Mandy Jayne Alfhors British, b. 1967

Mandy is a UK-based self-taught artist whose bold, symbolic works blend expressive portraiture, fluid paint techniques, and luminous metallic details to capture emotion and imagination.

Her work explores a life unfolding and the extraordinary beauty to be found within it.

A multidisciplinary artist working across acrylic painting, digital surrealist collage, and mixed media, her practice moves between the deeply personal and the universally human. Through symbolism, she explores what words alone cannot contain: love in all its forms, transformation, transcendence, and the luminous spaces that exist beyond everyday experience.

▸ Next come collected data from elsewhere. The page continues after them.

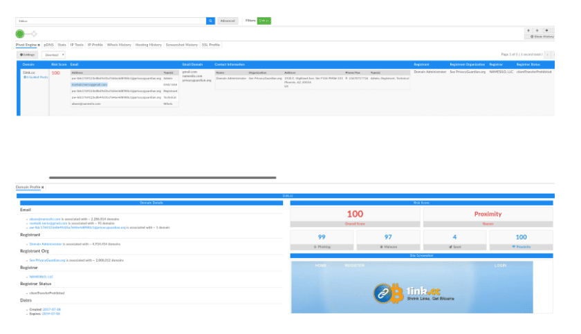 Now if I scroll through the new list of sites Iris has generated for me, I pretty quickly see that globalmaritimetraining[.]net, which is on the same ip address as bandirun.com, shares the same DNS/SOA email address (markabi.twins@gmail[.]com) as 1ink[.]cc.
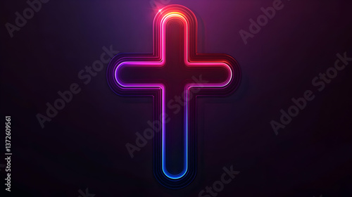 cross, neon, symbol, religious, spiritual, glowing, light, gradient, pink, purple, blue, dark, background, texture, design, faith, hope, contemporary, vibrant, colours, simple, graphic, digital, asset, image, element, artwork, abstract, bright, bold, smooth, line, visual, effect, composition, commercial, marketing, branding, website, design element, illustration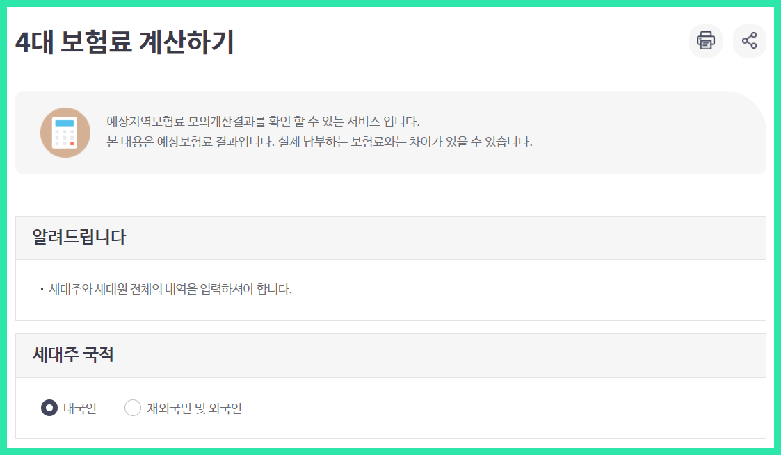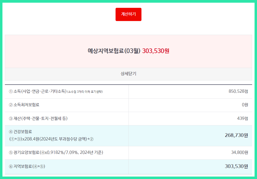 4. 계산하기 클릭▶ 예상지역보험료가 바로 조회됩니다.

Flowers, gold, celestial light, and the upward gaze recur throughout her work not as decoration, but as a visual language. Their roots are ancient: the Day of the Dead tradition of flowers as offerings to the beloved; pagan symbolism and the turning wheel of the seasons; the idyllic and the sacred. Moonflowers bloom only in darkness. Gold falls like an eternal presence. Figures continually reach toward something beyond the frame.

The portraits are self-portraits, depicting the same face moving through different emotional landscapes and seasons of being alive. She has been deeply influenced by creators who refused to separate life from art, including Frida Kahlo, Gustav Klimt, Claude Monet, and Andy Warhol, as well as creative visionaries whose pursuit of feeling and originality resonated profoundly, such as Jim Morrison and Kurt Cobain. Like Yayoi Kusama and David Bowie, she has long felt a yearning toward the universe something vast, luminous, and just beyond reach.

Through her work, she invites viewers to experience the pull of something transcendent: to look upward, as her figures do, and discover wonder waiting there.